Replying to johnjamesjacoby:

UTF8MB4 is the database format WordPress prefers because it safely supports the widest set of characters and letters, specifically for publishing in languages other than American English, including Emoji.

I'd suggest "database encoding" instead of "database format", looks good to me otherwise.

#3 @ayeshrajans
2 months ago

Database encoding is more accurate and even less confusing I also agree.

Why do we use "languages" in there, though? Emojis, numbers symbols, flags, etc are not from a particular language.

#4 @SergeyBiryukov
2 months ago

I think "Emoji" refers to "the widest set of characters and letters" here, rather than "languages". Perhaps that could be made clearer, though? I would also drop "American", it seems unnecessary specific :)

UTF8MB4 is the database encoding WordPress prefers because it safely supports the widest set of characters and letters, including Emoji, specifically for publishing in languages other than English.

This ticket was mentioned in Slack in #core-site-health by afragen. View the logs.


8 weeks ago

This ticket was mentioned in Slack in #core by desrosj. View the logs.


8 weeks ago

#7 @desrosj
8 weeks ago

  • Keywords needs-patch added

@chetan200891
7 weeks ago

Created initial patch.

#8 @chetan200891
7 weeks ago

  • Keywords has-patch added; needs-patch removed

#9 @chetan200891
7 weeks ago

Created patch while showing demo of contributing to core in a local meetup.

This ticket was mentioned in Slack in #core-site-health by afragen. View the logs.


7 weeks ago

#11 @afragen
7 weeks ago

  • Keywords needs-copy-review added

This ticket was mentioned in Slack in #core by david.baumwald. View the logs.


7 weeks ago

@garrett-eclipse
6 weeks ago

Refresh to improve the copy and account for provided feedback

#13 @garrett-eclipse
6 weeks ago

  • Keywords 2nd-opinion good-first-bug removed
  • Owner set to garrett-eclipse
  • Status changed from new to accepted

Thanks for the patch @chetan200891 I've taken into account @johnjamesjacoby & @SergeyBiryukov & @ayeshrajans for refresh 48044.2.diff.

I've left in review to get thoughts on the current string below;
'UTF8MB4 is the character encoding WordPress prefers for database storage because it safely supports the widest set of characters and letters, including Emoji, enabling better support for non-English languages.'

Note: I did switch to use 'character encoding' over 'database encoding' as it is more accurate.
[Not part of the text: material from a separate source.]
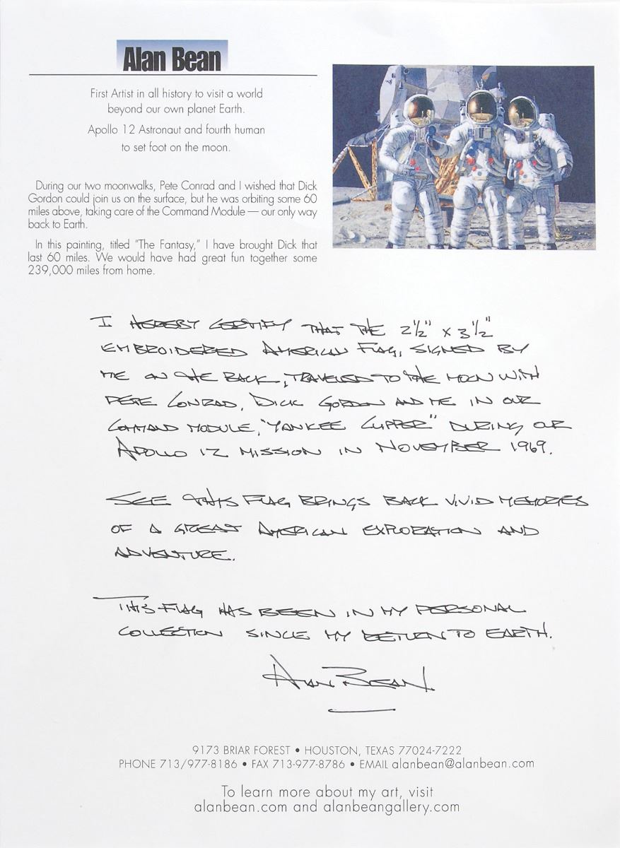 Flown embroidered American flag patch carried into lunar orbit aboard the Command Module Yankee Clipper during the Apollo 12 mission, measuring 3.5 x 2.25, signed and flight-certified on the reverse in black felt tip, “Flown to the moon, Alan Bean, Apollo 12.” In fine condition. Accompanied by a handwritten and flight-certified letter of provenance from Bean, in part: “I hereby certify that the…embroidered American flag, signed by me on the back, traveled to the moon with Pete Conrad, Dick Gordon and me in our command module, ‘Yankee Clipper’ during our Apollo 12 mission in November 1969. See this flag brings back vivid memories of a great American exploration and adventure. This patch has been in my personal collection since our return to planet Earth.” Less than three months after the historic Apollo 11 mission, the crew of Apollo 12 launched on November 14, 1969, and enjoyed a 10-day trip to and around the moon. This pristine embroidered flag remained aboard the Yankee Clipper with Richard Gordon, successfully orbiting the moon an amazing 45 times while Bean and Charles Conrad explored the Ocean of Storms.

Thoughts? If we can get consensus this may be able to make 5.3 beta3

#14 @ayeshrajans
6 weeks ago

IMO, the text in #13 sounds perfect.

@garrett-eclipse
6 weeks ago

Refresh for better accuracy

#15 @garrett-eclipse
6 weeks ago

Sorry, I realized some minor inaccuracies as I read the definitions it's a character set used for database storage and a character set is a set of characters and encodings.

To account for this I refreshed in 48044.3.diff

New string for review;

'UTF8MB4 is the character set WordPress prefers for database storage because it safely supports the widest set of characters and encodings, including Emoji, enabling better support for non-English languages.'

#16 @garrett-eclipse
6 weeks ago

Thanks @ayeshrajans I tweaked it slightly in comment#15 after reading some more definitions online.

#17 @SergeyBiryukov
6 weeks ago

  • Resolution set to fixed
  • Status changed from accepted to closed

In 46402:

Site Health: Improve the wording for UTF8MB4 test description.

Props garrett-eclipse, chetan200891, johnjamesjacoby, ayeshrajans.
Fixes #48044.

Note: See TracTickets for help on using tickets.